HMRC building

HMRC plans to sell the public’s details to the highest bidder, it has recently been reported.

The data of thousands of men and women across the country could be sold to private companies by HM Revenue & Customs (HMRC).

This new move has prompted concerns over civil liberties and privacy.

The government claims that the data will be anonymous, but there are doubts about whether the promise can be kept.

In 2007, the tax authority came under fire for ‘losing’ the data of thousands of child benefits claimants across the country.
This happened just months after a junior official at HMRC gave the National Audit Office a full copy of its child benefit data, in breach of security procedures.

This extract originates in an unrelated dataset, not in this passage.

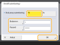 For å bruke godkjenningsfunksjonen for proxy-serveren, trykker du på denne og konfigurerer godkjenningsinformasjonen. På skjermbildet som vises, trykker du på <På>, skriver inn brukernavnet og passordet som skal brukes til proxy-godkjenning, og trykker på <OK>.

These new proposals were actually made last year – but only released into the public domain recently.

Commenting, HMRC, said: “No final decisions have been taken, but HMRC remains committed to safeguarding taxpayer confidentiality. Those accessing data would be subject to the same confidentiality provisions as HMRC staff, including a criminal sanction for unlawful disclosure of taxpayer information.

“HMRC will be consulting further and will ask for views on whether to charge to cover the costs of processing and providing anonymised data.”

An MP has branded the proposals as “borderline insane”.

MP David Davies, commented in an interview with the Guardian: “The officials who drew this up clearly have no idea of the risks to data in an electronic age. Our forefathers put these checks and balances in place when the information was kept in cardboard files, and data was therefore difficult to appropriate and misuse.

“It defies logic that we would remove those restraints at a time when data can be collected by the gigabyte, processed in milliseconds and transported around the world almost instantaneously.”

These new developments come just weeks after it was announced that HMRC would be allowed to raid the accounts of people who it claims has fallen foul of tax laws.

Under the new measurements, HMRC would automatically be able to help itself to whatever is in your account, without going to trial.

The law is frightfully similar to the powers afforded to the controversial IRS in America which has the same powers and has come under fire in many well-documented cases where families have been forced into homelessness after having their bank accounts raided by the IRS.

This would effectively prevent you from having any money available to you at all, and make it almost impossible to get legal representation, due to the account being made inaccessible to you – but not to HMRC.

Additionally, the tax authority would also be able to withdraw money from your account if it believes that it may win a legal case against you.

They essentially awarded themselves the powers to penalise people by taking out all of their estimated legal fees from your account before any court ruling has been made.